Record excerpts:
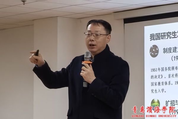 会议伊始,谢海军院长围绕考研相关内容展开讲解。他首先梳理了研究生教育的分类与学科体系,详细阐释了学术型硕士与专业型硕士培养的的区别,指出学硕更侧重理论研究与学术创新能力的培养,而专硕则更注重实践应用与职业能力的提升。在报考指导环节,他结合具体学科门类、专业代码等关键信息,建议同学们要立足自身专业背景,综合考虑职业兴趣、就业前景及个人优势,科学选择报考方向。谢院长还现场演示了中国研究生招生信息网的相关功能,包括院校信息查询、招生简章解读、报名流程操作等,提醒同学们要善于利用这一权威平台获取最新招考动态。最后,他鼓励同学们要尽早确立目标,夯实专业基础,合理规划大学生活,为未来深造做好充分准备。
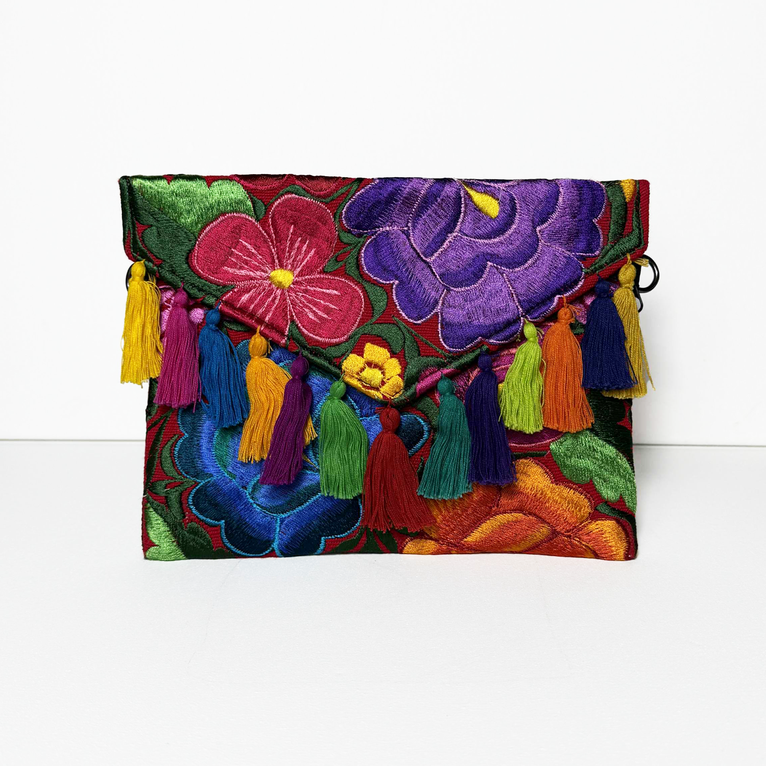 Frida jest w całości haftowana kolorowymi kwiatowymi wzorami co nadaje jej wyjątkowy charakter. Kopertówkę zdobią bawełniane frędzle – każdy wykonany indywidualnie nadając jej artystycznego charakteru, a zapięcie na magnetyczny zatrzask subtelnie podkreśla jej elegancję i funkcjonalność. Wnętrze jest wyłożone czarną podszewką, a dodatek stanowi odpinany łańcuszek w kolorze czarnego niklu, co pozwala nosić ją zarówno jako torebkę na ramię jak i stylową kopertówkę.
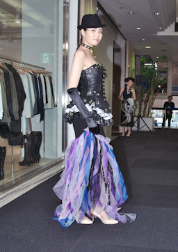 | フェイク・レザーとスタッズを用い、ハードロックなトップに対し、ボトムには、フリル、シフォン、レース、リボンなど、フェミニンな素材を使いました。 円形に立体裁断した、フリルの美しい曲線と、ハードロックなトップの組み合わせで、2つの心を持つ揺れる女性の妖艶さを表現して見ました。 |
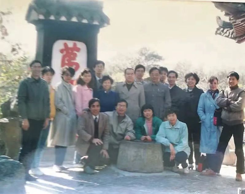 图片说明:1991年抗70班部分同学和方帼萍老师毕业10周年返校大礼堂合影
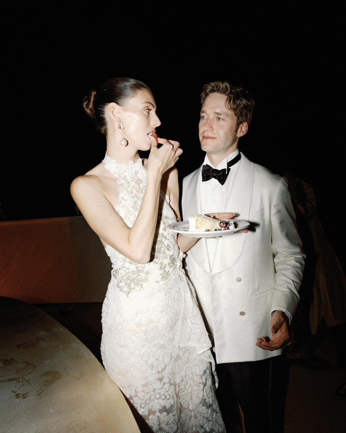 For the after-party, I wore a custom lace dress by Kristin Mallison made from lace from my mother’s wedding gown. My jewelry was entirely vintage, sourced from my favorite estate jeweler in West Palm Beach. Shoes were the biggest challenge—my dress was a soft champagne tone, not bright white. Just two weeks before the wedding, I found the perfect pair: vintage 1990s Manolos in beige textured leather, adorned with teardrop pearls—from a little shop around the corner from my apartment. Meant to be.
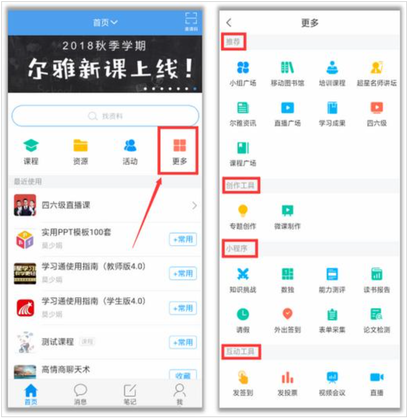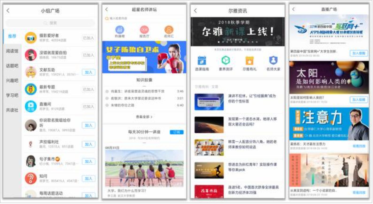 【推荐】小组广场、移动图书馆、培训课程、超星名师讲坛、尔雅资讯、直播广场、学习成果、四六级、课程广场
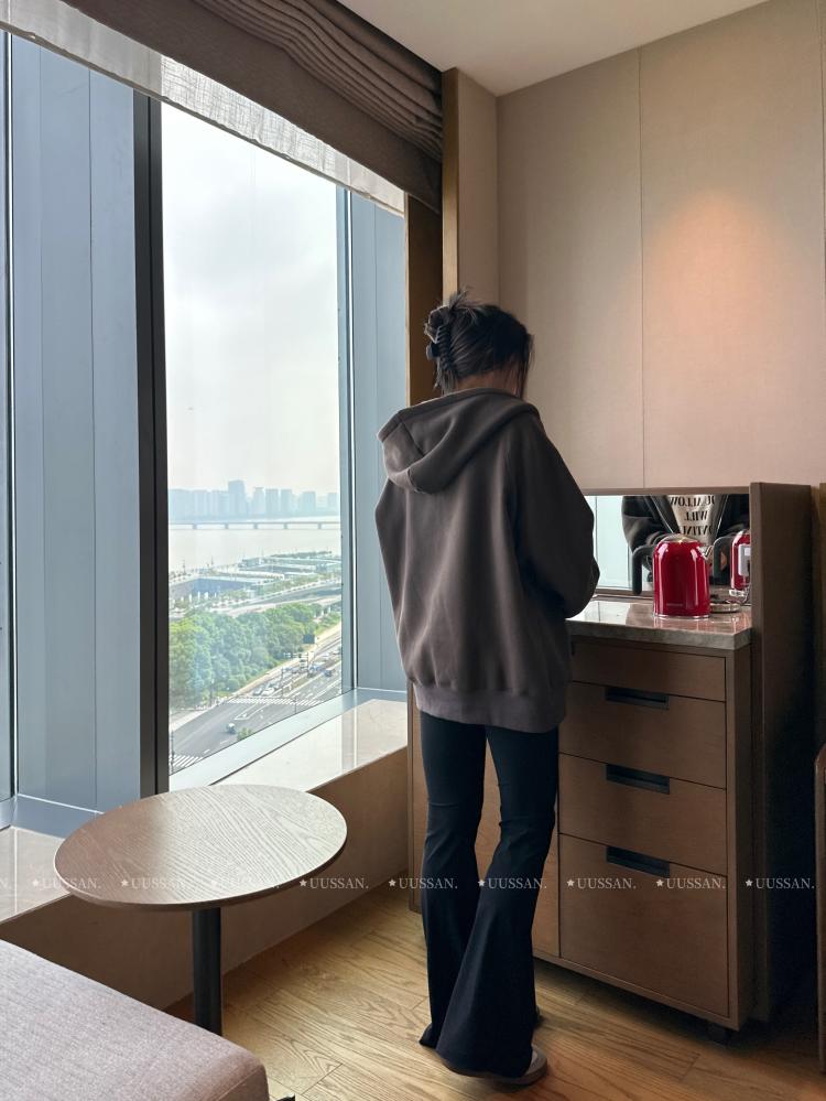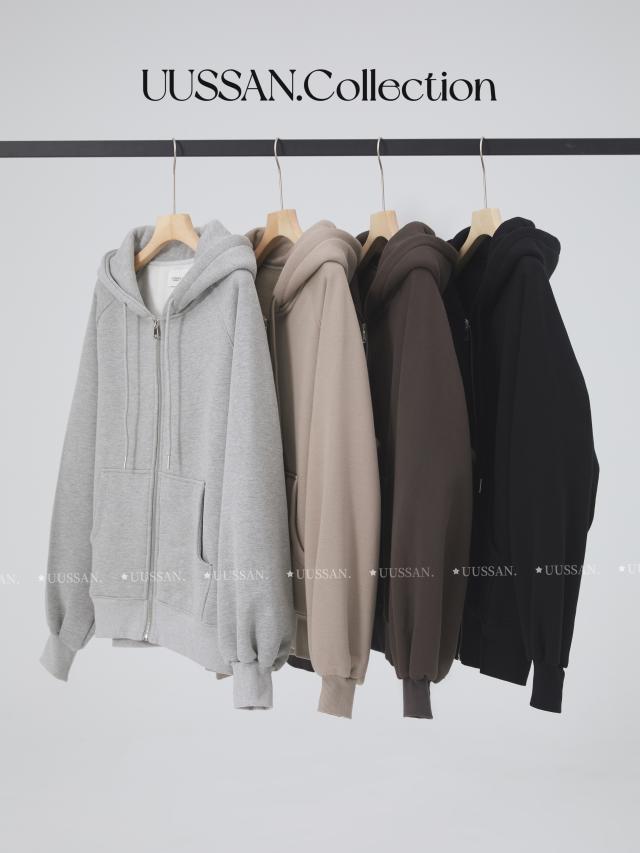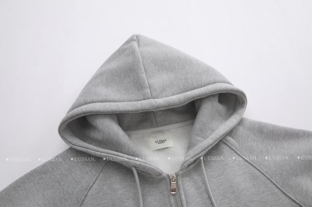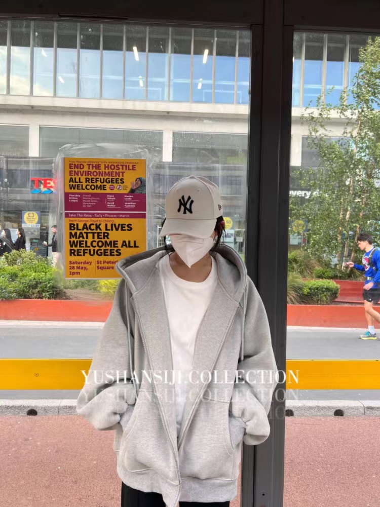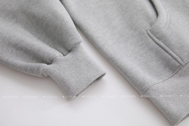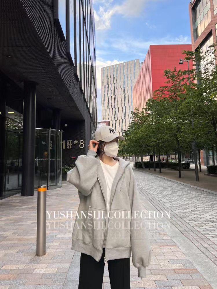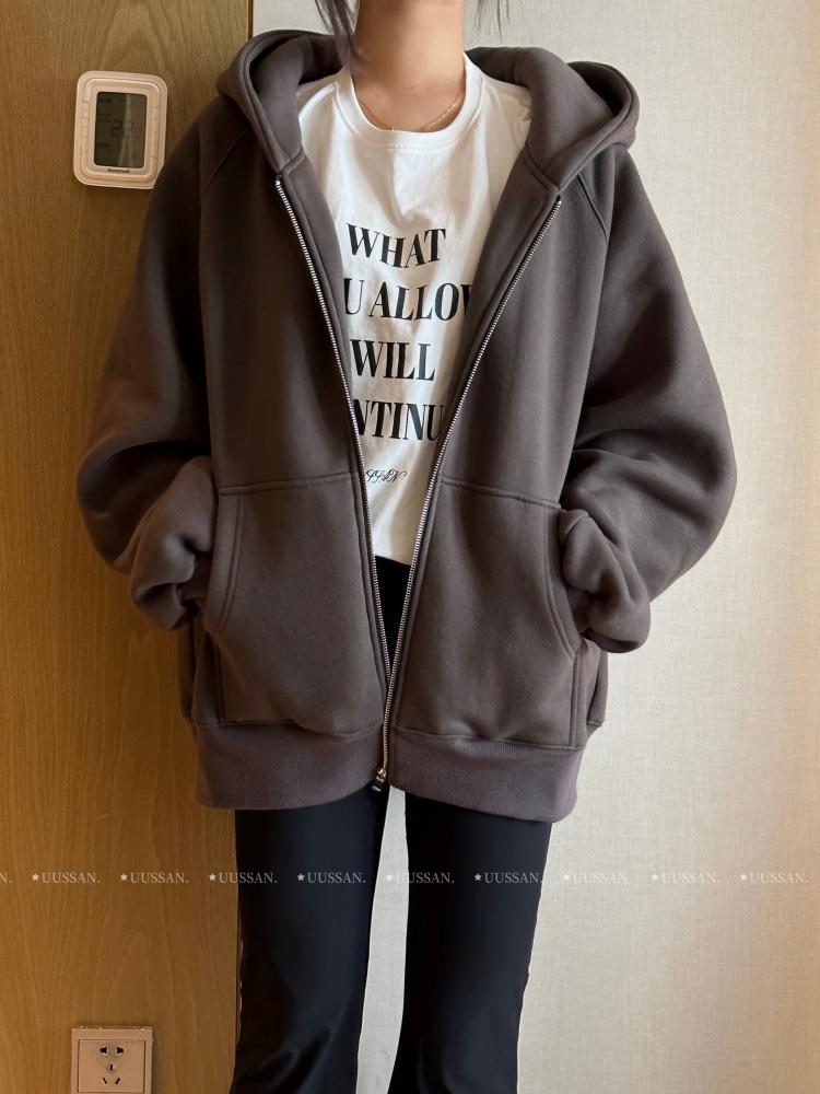 「UUSSAN羽扇絲集」慵懶風連帽加絨衛衣寬鬆休閒外套開衫女2022灰
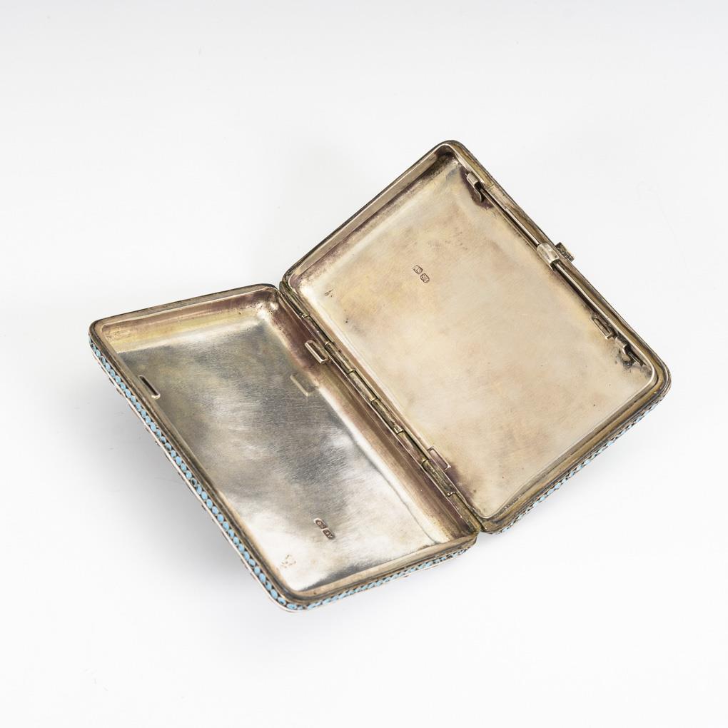 Richly decorated cigarette case. Few, tiny defects in enamel, clasp jams.
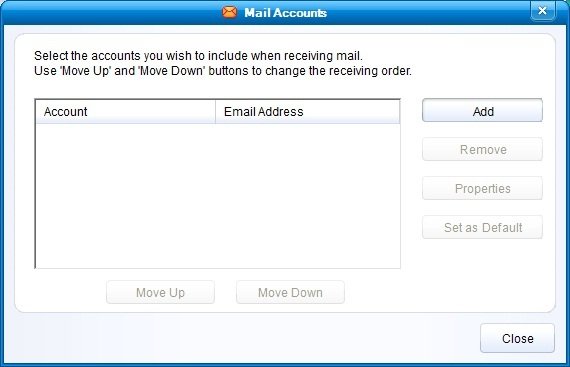 3.Нажмите на кнопку «ADD — Добавить» для добавления новой учетной записи электронной почты.
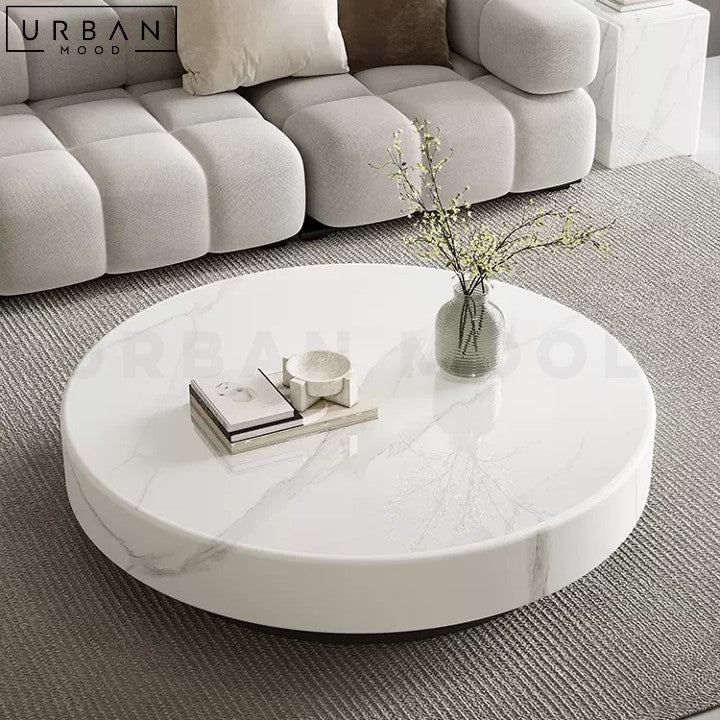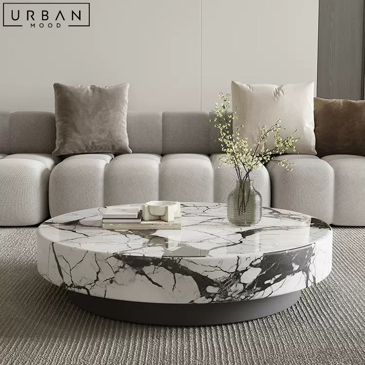 A luxurious centerpiece that will anchor any modern living space in style, our PARVE coffee table is crafted from luxurious engineered marble and steel. With its sturdy construction, it provides both style and functionality for your living area. Its rounded silhouette ensures safety for guests and children, while its glossy marble finish reflects the refined taste of any contemporary or classic home.
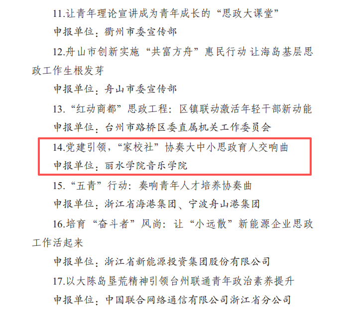 近日,浙江省思想政治工作研究会正式公布2025年度基层思想政治工作创新案例入选名单,我校音乐学院申报的“党建引领,‘家校社’协奏大中小思政育人交响曲”案例成功入围,成为全省20个获此殊荣的案例之一,这是对学校思政育人工作创新实践的肯定。

Assignment: The reply should hold only the lines running from the top of the records to the line containing "3.Нажмите на кнопку", both included, copied exactly with no pictures.

Exercise response:
 会议伊始,谢海军院长围绕考研相关内容展开讲解。他首先梳理了研究生教育的分类与学科体系,详细阐释了学术型硕士与专业型硕士培养的的区别,指出学硕更侧重理论研究与学术创新能力的培养,而专硕则更注重实践应用与职业能力的提升。在报考指导环节,他结合具体学科门类、专业代码等关键信息,建议同学们要立足自身专业背景,综合考虑职业兴趣、就业前景及个人优势,科学选择报考方向。谢院长还现场演示了中国研究生招生信息网的相关功能,包括院校信息查询、招生简章解读、报名流程操作等,提醒同学们要善于利用这一权威平台获取最新招考动态。最后,他鼓励同学们要尽早确立目标,夯实专业基础,合理规划大学生活,为未来深造做好充分准备。
 Frida jest w całości haftowana kolorowymi kwiatowymi wzorami co nadaje jej wyjątkowy charakter. Kopertówkę zdobią bawełniane frędzle – każdy wykonany indywidualnie nadając jej artystycznego charakteru, a zapięcie na magnetyczny zatrzask subtelnie podkreśla jej elegancję i funkcjonalność. Wnętrze jest wyłożone czarną podszewką, a dodatek stanowi odpinany łańcuszek w kolorze czarnego niklu, co pozwala nosić ją zarówno jako torebkę na ramię jak i stylową kopertówkę.
 | フェイク・レザーとスタッズを用い、ハードロックなトップに対し、ボトムには、フリル、シフォン、レース、リボンなど、フェミニンな素材を使いました。 円形に立体裁断した、フリルの美しい曲線と、ハードロックなトップの組み合わせで、2つの心を持つ揺れる女性の妖艶さを表現して見ました。 |
 图片说明:1991年抗70班部分同学和方帼萍老师毕业10周年返校大礼堂合影
 For the after-party, I wore a custom lace dress by Kristin Mallison made from lace from my mother’s wedding gown. My jewelry was entirely vintage, sourced from my favorite estate jeweler in West Palm Beach. Shoes were the biggest challenge—my dress was a soft champagne tone, not bright white. Just two weeks before the wedding, I found the perfect pair: vintage 1990s Manolos in beige textured leather, adorned with teardrop pearls—from a little shop around the corner from my apartment. Meant to be.
 【推荐】小组广场、移动图书馆、培训课程、超星名师讲坛、尔雅资讯、直播广场、学习成果、四六级、课程广场
 「UUSSAN羽扇絲集」慵懶風連帽加絨衛衣寬鬆休閒外套開衫女2022灰
 Richly decorated cigarette case. Few, tiny defects in enamel, clasp jams.
 3.Нажмите на кнопку «ADD — Добавить» для добавления новой учетной записи электронной почты.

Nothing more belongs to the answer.